Le KL Auschwitz – Konzentrationslager Auschwitz – est un vaste complexe de plusieurs centaines d’hectares composé de trois entités principales – Auschwitz I dit Stammlager ou camp source ; Auschwitz II Birkenau ; Auschwitz III Buna-Monowitz, camp de travail pour les usines IG Farben et leurs filiales. C’est devant ce dernier que les premiers soldats soviétiques arrivèrent. D’autres, ayant traversé la ville, se dirigèrent vers le Stammlager, où ils rencontrèrent une vive résistance des nazis en repli, et vers Birkenau.

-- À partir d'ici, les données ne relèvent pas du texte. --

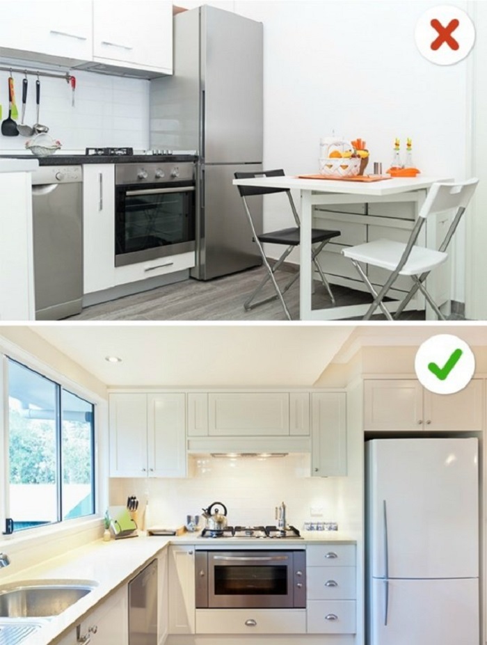 В планировке многих квартир на обустройство кухни отведено не более 5-6 кв. м. В таких условиях разместить холодильник и плиту по рекомендованным правилам не всегда получается
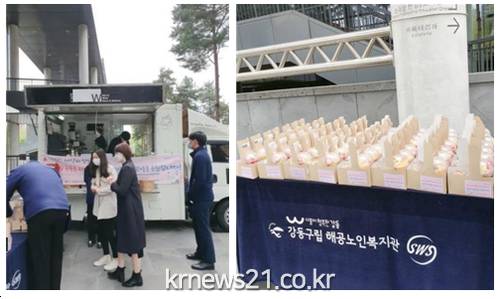 지난 22일 강동구립 해공노인복지관은 ‘사랑의 간식차’로 강동경희대병원 의료진 및 관계자에게 격려의 마음을 담아 따뜻한 커피, 과일, 쿠키 등의 간식을 제공했다.

Au total, l’Armée rouge perdit 231 hommes, dont le lieutenant-colonel Semen Lvovitch Biesprozvannyi, commandant du 472e régiment. Les militaires soviétiques, officiers et soldats, n’imaginent pas le « spectacle » qui les attend. Certains ont entendu parler des horreurs que leurs camarades ont découvertes quelques mois auparavant à Majdanek, un autre camp d’extermination. Mais ce sont des récits…

« Des enfants, des enfants partout, là et là et là »

Responsable d’un canon d’artillerie dans la LXe armée soviétique, le jeune sergent Enver Alimbekov est l’un des premiers à entrer dans l’enfer. Il raconte : « J’avais 21 ans, j’étais au front depuis 1942, dans le 472e régiment d’artillerie. À Babitz, à 12 kilomètres du camp, les villageois nous ont parlé de cet endroit où « on brûlait les gens » Nous sommes arrivés à proximité le 27 janvier au soir. La bataille aux portes du camp a été dure. Nous avons perdu 69 hommes (…). Les prisonniers attendaient derrière les portes. Lorsque nous sommes entrés, il faisait déjà nuit. Une vilaine pluie mêlée à de la neige nous transperçait. La route qui menait à Auschwitz était mauvaise. On pataugeait dans la bouillie. Aux abords du camp, l’air était différent, lourd et puant. Les portes étaient ouvertes ».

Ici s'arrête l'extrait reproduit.